Il est né le divin enfant. Trois ans et un nombre impressionnant de concerts après le très prometteur Nuits Rouges, KIEMSA accouche enfin de son chef d’œuvre. On l’avait bien senti, depuis les premières esquisses musicales de Question Idiote, le potentiel était là. Et ce ne sont pas les chanceux qui, comme moi, ont eu l’occasion d’assister aux performances scéniques du groupe qui diront le contraire. Seulement Nuits rouges péchait encore par un léger manque de soin dans la finition, un album presque enfantin. Eaux troubles est l’album de la maturité artistique. Les sept gaillards ont trouvé leurs marques, le festival peut commencer.
Passée la célèbre introduction à la basse d’ « Orange Duck », le ton est donné. KIEMSA, cuvée 2006, a la rage. Cuivres et guitares se déchaînent, Martin ne ménage pas ses cordes vocales. Les influences metalliques naissantes sur l’album précédent occupent maintenant une place de choix. L’apogée de cette démarche est atteinte sur « Spectre ». Le gentil ska sautillant est écrasé sous un mur de saturation et les cuivres relégués au second plan. Maîtrisant parfaitement les ficelles du genre, le groupe joue du contraste guitares puissantes/clavier mélodique et innocent. Martin n’en a pas oublié pour autant de se creuser les méninges pour nous écrire un excellent texte, histoire originale et intrigante.
Nous pouvons élargir cette dernière remarque à l’ensemble de l’album. Une fois de plus, les textes sont un des nombreux points forts de celui-ci. On voit ainsi, entre autres, l’apparition du croustillant personnage d’Orange Duck, alcoolique notoire, qui fera un retour fracassant en 2009 (« Délices »). Toujours politiquement et socialement engagé, KIEMSA n’oublie pas de nous servir son lot de chansons revendicatrices, toujours aussi justes et bien senties (« Armada », « Mass media », « Faut consommer », « Kiemsa sucks »).
Il serait toutefois hâtif de conclure à la disparition des racines ska/punk de la bande. On les retrouve bien sûr dans les paroles mais également sur des morceaux comme « Armada » ou « Faut consommer ». Le premier n’aurait pas fait tâche sur Nuits rouges, c’est certain. Quand au second, il est le parfait exemple de l’évolution musicale du groupe. Sorte de piste de transition entre l’ancien et le nouveau KIEMSA, l’équilibre y est trouvé.

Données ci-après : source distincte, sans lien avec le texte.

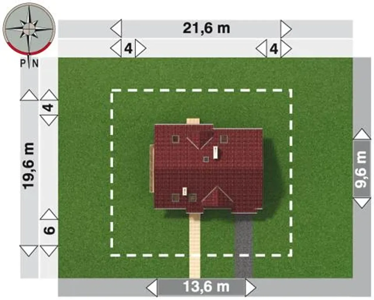 - rzut dachu - ukazuje jego kształt, wymiary, kąt nachylenia połaci, rozmieszczenie okien połaciowych, lukarn, świetlików i rur spustowych, pokazuje rozmieszczenie kominów i informuje o sposobie odwodnienia: rozmieszczeniu i rozmiarach rynien
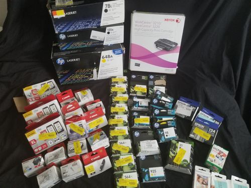 This is a lot of 47 pieces of Printer Ink and mini Photo Papers from Xerox, HP, Canon, Polaroid, and More. These are customer returns. Please see the pictures and manifest for more info.
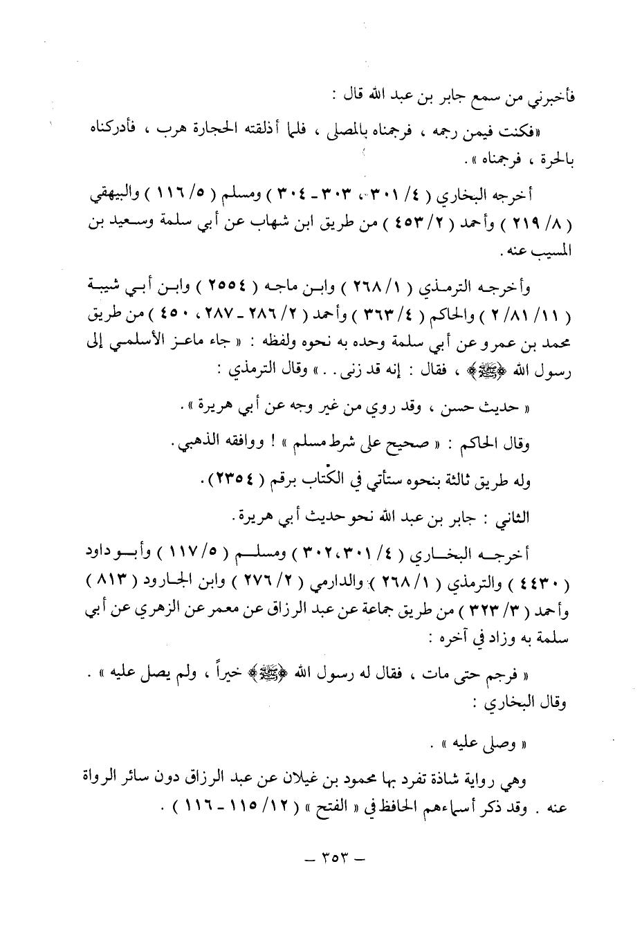 فأخبرنى من سمع جابر بن عبد الله قال: " فكنت فيمن رجمه , فرجمناه بالمصلى , فلما أذلقته الحجارة هرب , فأدركناه بالحرة , فرجمناه ".
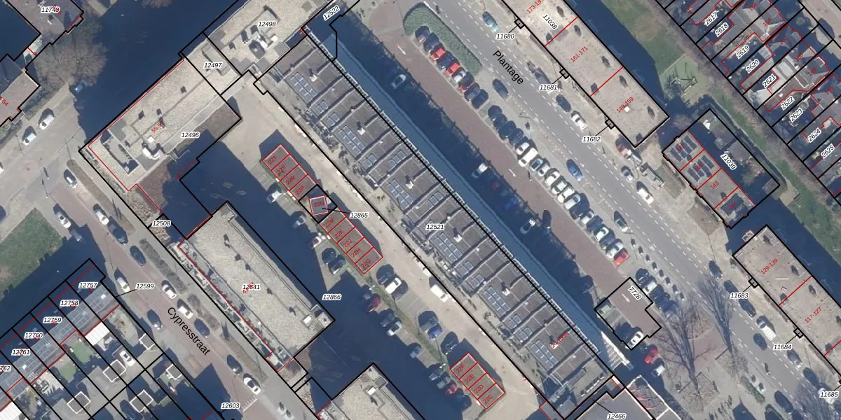 Het perceel waarop Plantage 82 staat heeft een oppervlakte van 1749 m². Dit is een zeer groot perceel. De perceeloppervlakte wordt geregistreerd door het Kadaster. Gedetailleerde informatie over de maten van dit perceel kunt u vinden in het rapport Kadastrale kaart met maatvoering van Plantage 82.

Il me parait nécessaire de consacrer maintenant un paragraphe de cette chronique au grand héros de l’album, j’ai nommé Martin Hallier. Non content d’être un parolier novateur et inspiré, le bougre possède un timbre de voix des plus appropriés à la musique de KIEMSA. Il a donc suivi l’évolution de l’ensemble et a durci le ton. Ses progrès, tant en termes de diversification que de maîtrise sont impressionnants. On sent l’expérience de la scène derrière tout ça. Il s’essaye de nouveau à l’anglais (« Tequila guerilla », « Kiemsa sucks ») avec succès. Difficile de le prendre en défaut.
L’album contient évidemment, KIEMSA oblige, son lot de surprises et d’agréables inattendus. Citons au hasard, le passage arabisant (écrit et chanté par Sanaa El Mahdaoui) en plein déchainement punk/metal de « Qui veut savoir ? », l’apparition d’un violoniste (Florian Herry) sur « Sans un mot » et « Spectre », le retour gagnant de Saholy Diavolana pour un nouveau conte de mal-être amoureux (« Please stay »), j’en passe et des meilleurs.
Les soli, quand à eux, brillent une nouvelle fois par leur absence (rien de pénalisant) à une exception prêt. « Mass media » voit l’apparition presque timide du premier vrai solo de guitare sur un album de KIEMSA.
Vous l’aurez compris, cet album s’acoquine avec la perfection. Trois ans après Nuits rouges, nous retrouvons un groupe transformé, plus dur mais aussi plus fou (« Tequila guerilla » me donne toujours cette merveilleuse impression d’improvisation), doté d’une identité forte. Les gentlemen rockers arborent désormais leurs plus beaux costumes noirs sur scène, héritage du clip d’ « Orange duck » (Pascal Legitimus dans le rôle du poivrot, à voir à tout prix). Chacune des douze chansons de cet album est une véritable tuerie au potentiel live indéniable. Je pèse mes mots en disant que KIEMSA les exploitera à merveille par la suite. Le virage metallique amorcé par la bande pourra en rebuter certains mais ces derniers seraient bien mal avisés de bouder ce disque.
Une des meilleures productions françaises de ces dernières années.